Being an intelligence informant or asset is indeed 'no small thing', especially in Merah's case where he seems to have been used by French intelligence to visit with, and report back on, so-called 'Islamic militants' in Afghanistan and Pakistan. Given that the French government takes the threat from 'Islamic terrorism' so seriously, how closely do we suppose they would have watched and controlled the movement of one of their informants that they had been sending into the heart of Islamic terror land to undergo training and generally pose as a 'jihadi'? Surely the risk of such an informant 'turning bad' and double crossing them is top of their list of potential problems and he would, therefore, be very closely watched.
It has been confirmed that Merah also traveled to Israel. Italian newspaper Il Foglio, citing 'intelligence sources', said Merah travelled to Israel in September 2010 using cover provided by the French external intelligence service, the Direction Générale de la Sécurité Extérieure (DGSE). The point of a trip to Israel is to prove to would be 'Jihadis' that Merah could easily pass through Israeli airport security, which is understood to be the toughest in the world, and thereby establish his credentials as a useful 'terrorist'.
Strangely enough, the so-called 'shoe bomber' Richard Reid, also took a trip to Israel, for still unknown reasons, back in July 2002, five months before his ridiculous attempt to detonate explosives in his shoes on board American Airlines Flight 63 from Paris to Miami. The Israeli-owned security company ICTS ran security at Charles de Gaulle airport when Reid somehow managed to pass undetected. The infamous 'Underwear bomber' of late December 2010, Umar Farouk Abdulmutallab, boarded his plane at Amsterdam's Schipol airport, without a passport and with the help of a man in a suit, before attempting to detonate his 'crotch bomb'. ICTS was also in charge of security at Schipol at the time. ICTS was also in charge of security at Boston's Logan airport, when several 9/11 hijackers (including Mohammed Atta) allegedly boarded Flight 11 before crashing it into the WTC's North Tower.

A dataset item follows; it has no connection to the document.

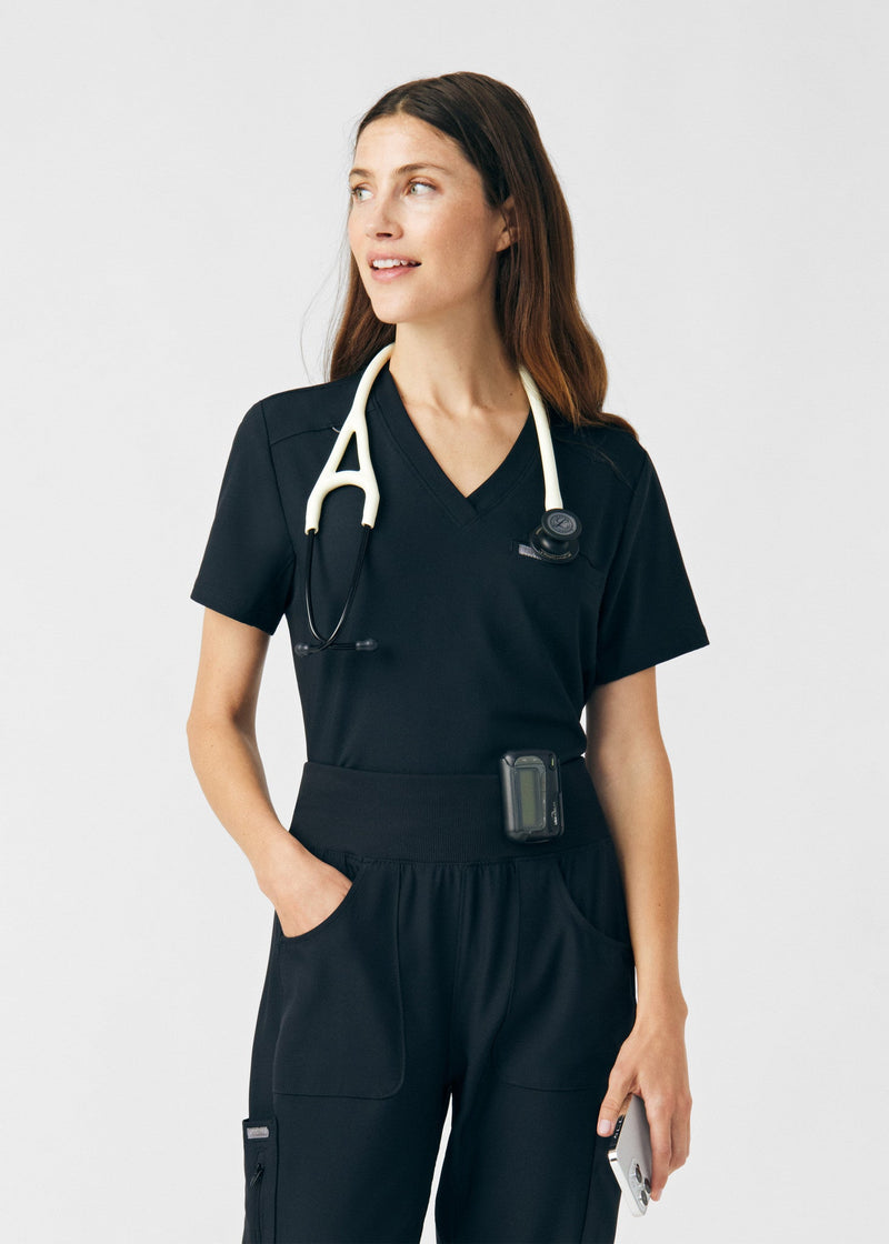 This modern fit scrub top features a soft rib-knit back neckband and rib-knit side panels for a comfortable and sleek fit. With a front welt chest pocket and right front zip security pocket, this top is the definition of a high-functioning style. Our modern tailored fit flatters your shape, while our moisture-wicking super stretch fabric provides the comfort and flexibility your work requires throughout the day.

What has Mohammed Atta and 9/11 got to do with all of this? Well, given that Sarkozy had the effrontery to compare the Toulouse shootings to the September 11th attacks, we can at least help him out by drawing the comparison between Mohamed Merah and Mohammed Atta. Both were intelligence assets who enjoyed cozy (if manipulative) relationships with French and US/Israeli intelligence agencies. Merah enjoyed all-expenses paid trips to the Middle and Near East, Atta was given free flight training at the International Officers School at Maxwell Air Force Base in Alabama, and was seen swanning around the officer's club. At the appointed time, both were framed for 'terrorist' attacks they did not commit, and subsequently murdered.
So Sarko the American got his '9/11', and he is, no doubt, pretty pleased with himself. After all, fake terror attacks are wonderful ways to distract attention from the high political criminality, like the very recent revelations of money laundering by Sarko to finance his 2007 election campaign, and of course, to manipulate the population to support a strong leader who will usher in the totalitarian measures 'needed' to keep them safe from the mythical 'terrorists'.